Problem 1 : Different applications use different scales for HSV. For example gimp uses H = 0-360, S = 0-100 and V = 0-100
. But OpenCV uses H: 0-179, S: 0-255, V: 0-255
. Here i got a hue value of 22 in gimp. So I took half of it, 11, and defined range for that. ie (5,50,50) - (15,255,255)
.
Problem 2: And also, OpenCV uses BGR format, not RGB. So change your code which converts RGB to HSV as follows:
cv.CvtColor(frame, frameHSV, cv.CV_BGR2HSV)

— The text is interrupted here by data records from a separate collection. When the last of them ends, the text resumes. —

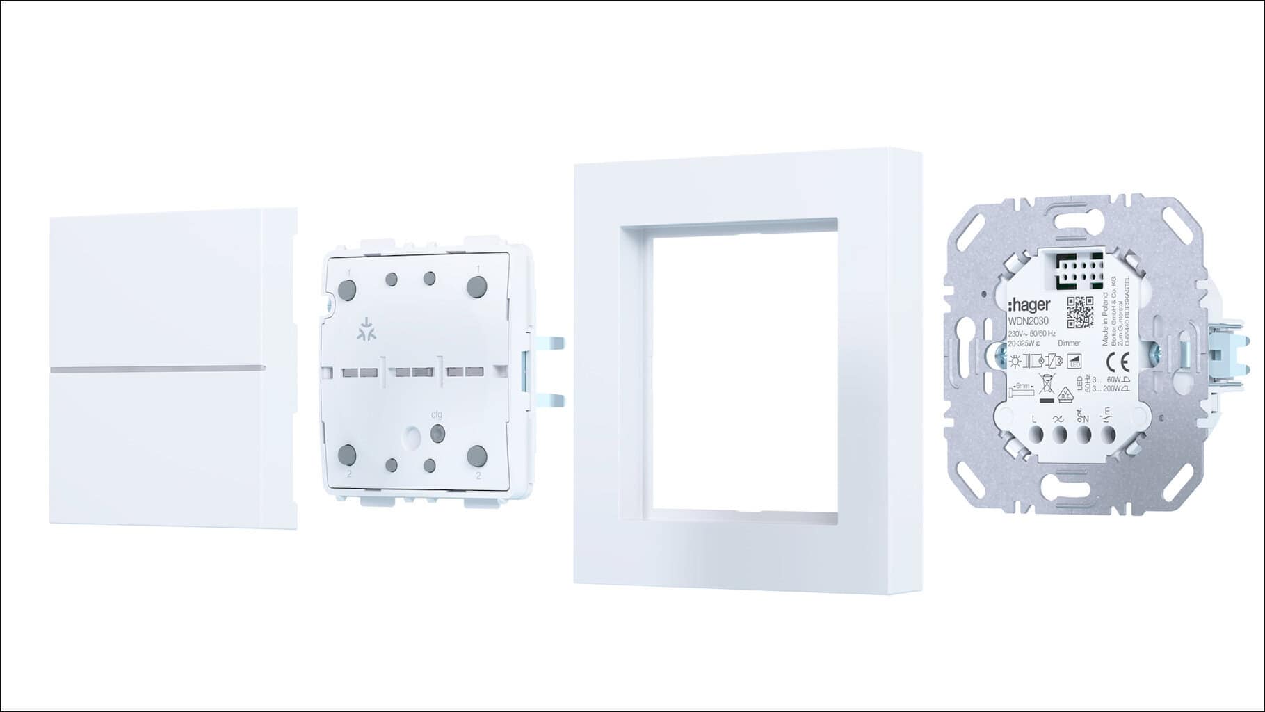 Die Elektronikeinsätze hat Hager neu konzipiert: In Verbindung mit entsprechenden Applikationsmodulen sind sie Matter-fähig. Der herstellerübergreifende Matter-Funkstandard ermöglicht gesicherte Kommunikation zwischen Geräten verschiedener Marken – von Lampen über Sensoren bis zu Thermostaten. Die Inbetriebnahme erfolgt per QR-Code oder NFC-Setup und läuft über Plattformen wie Samsung SmartThings, Apple Home Kit, Google Home oder Amazon Alexa.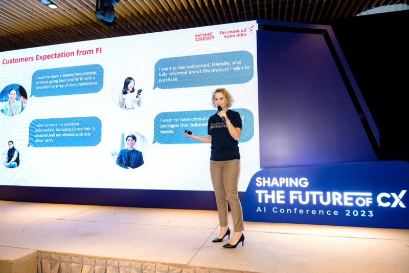 | Bà Anastasia Fokina – Giám đốc Vận hành và Chuyển đổi số Home Credit Việt Nam chia sẻ những trải nghiệm của khách hàng tại buổi hội thảo về công nghệ AI |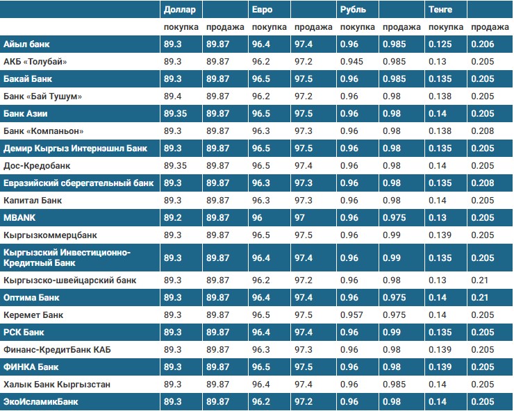 Курс доллара в коммерческих банках Кыргызстана на 5 апреля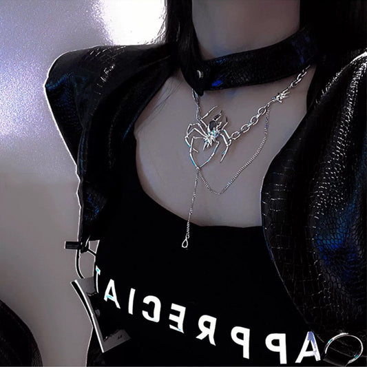 Dark Punk Gothic Style Spider Rhinestone Choker Necklace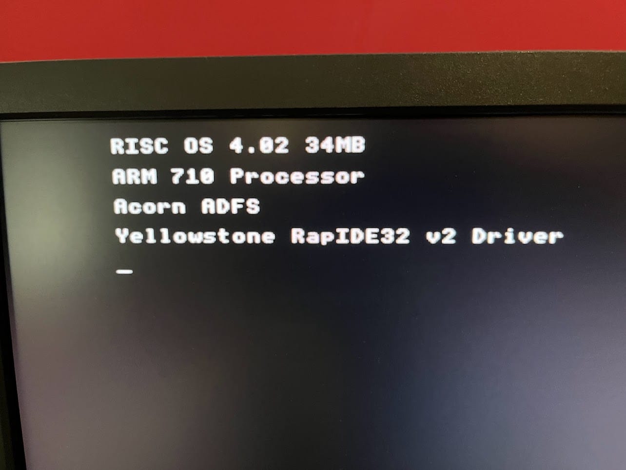 When I put this back in the RiscPC it booted to show 34MB RAM (32MB SIMMs and 2MB VRAM). Success!

Now run it. I got an output as follows:
Hope that is what you wanted. There are some false detections, but they are small, so you can choose biggest contour which is your lid.
EDIT:
As Karl Philip told in his comment, it would be good to add new code. But there is change of only a single line. So, I would like to add the same code implemented in new cv2
module, so users can compare the easiness and flexibility of new cv2
module.
import cv2
import numpy as np
img = cv2.imread('sof.jpg')
ORANGE_MIN = np.array([5, 50, 50],np.uint8)
ORANGE_MAX = np.array([15, 255, 255],np.uint8)
hsv_img = cv2.cvtColor(img,cv2.COLOR_BGR2HSV)
frame_threshed = cv2.inRange(hsv_img, ORANGE_MIN, ORANGE_MAX)
cv2.imwrite('output2.jpg', frame_threshed)
It gives the same result as above. But code is much more simpler.